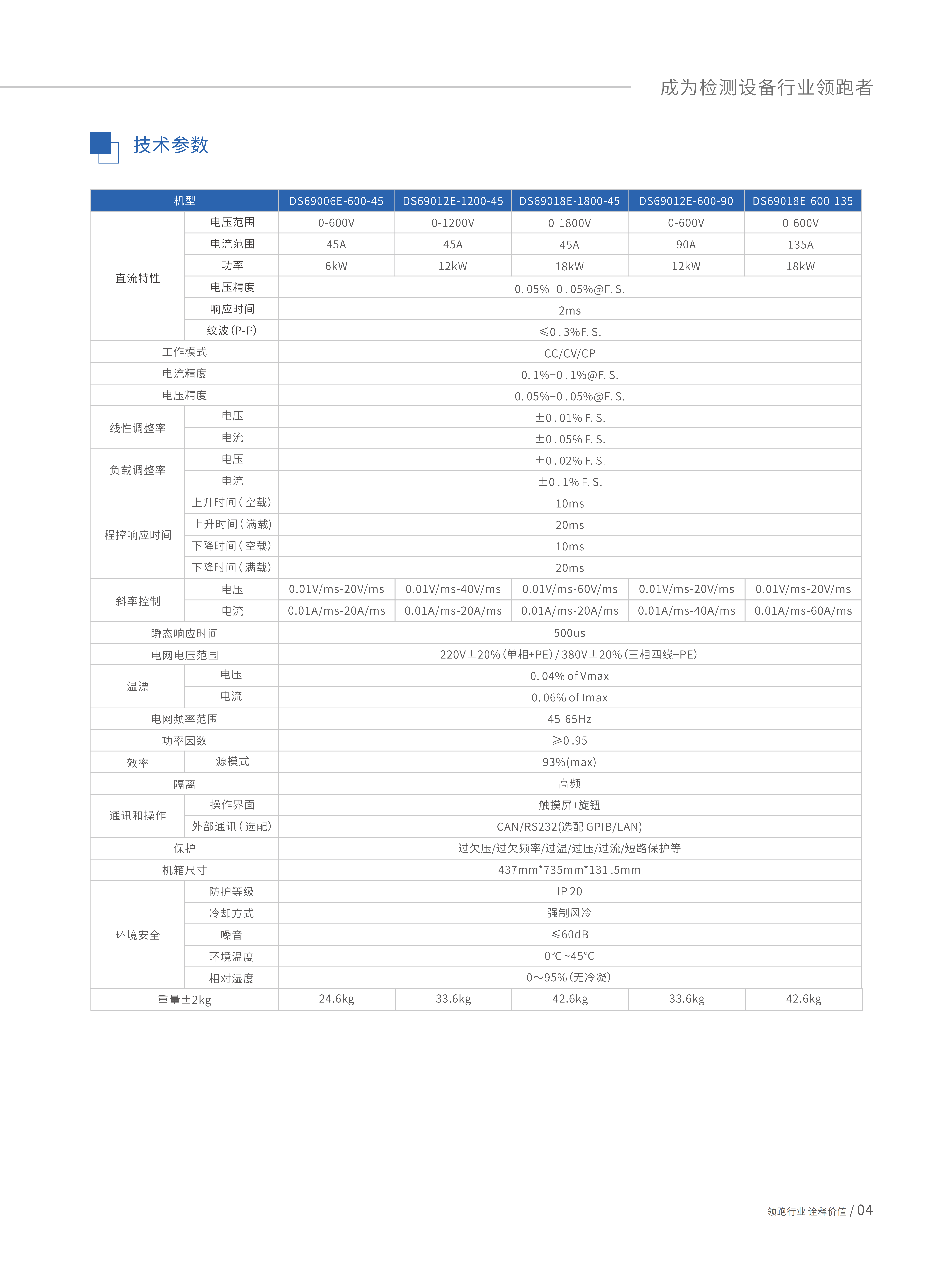 DS69000系列程控直流電源是一款具備輸出高精度電壓、電流的電源產(chǎn)品,具備高精度測量功能。該系列可最大限度滿足高壓小電流、低壓大電流等不同產(chǎn)品的測試需求。
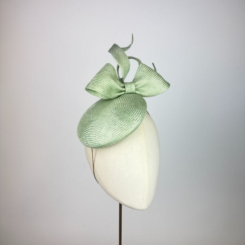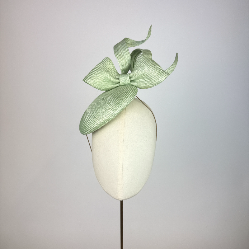 Apple green parasisal straw small beret with sculptural parasisal straw bow trim
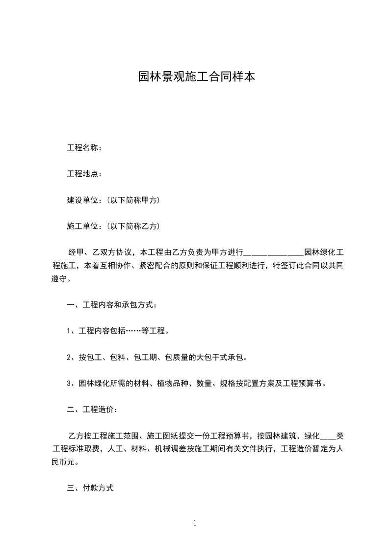 乙方按工程施工范围、施工图纸提交一份工程预算书,按园林建筑、绿化____类工程标准取费,人工、材料、机械调差按施工期间有关文件执行,工程造价暂定为人民币_____元。

▶ **Task statement**:
Restate the data above word for word. Do not include the images.

▶ **Response to the task**:
 DS69000系列程控直流電源是一款具備輸出高精度電壓、電流的電源產(chǎn)品,具備高精度測量功能。該系列可最大限度滿足高壓小電流、低壓大電流等不同產(chǎn)品的測試需求。
 Apple green parasisal straw small beret with sculptural parasisal straw bow trim
 乙方按工程施工范围、施工图纸提交一份工程预算书,按园林建筑、绿化____类工程标准取费,人工、材料、机械调差按施工期间有关文件执行,工程造价暂定为人民币_____元。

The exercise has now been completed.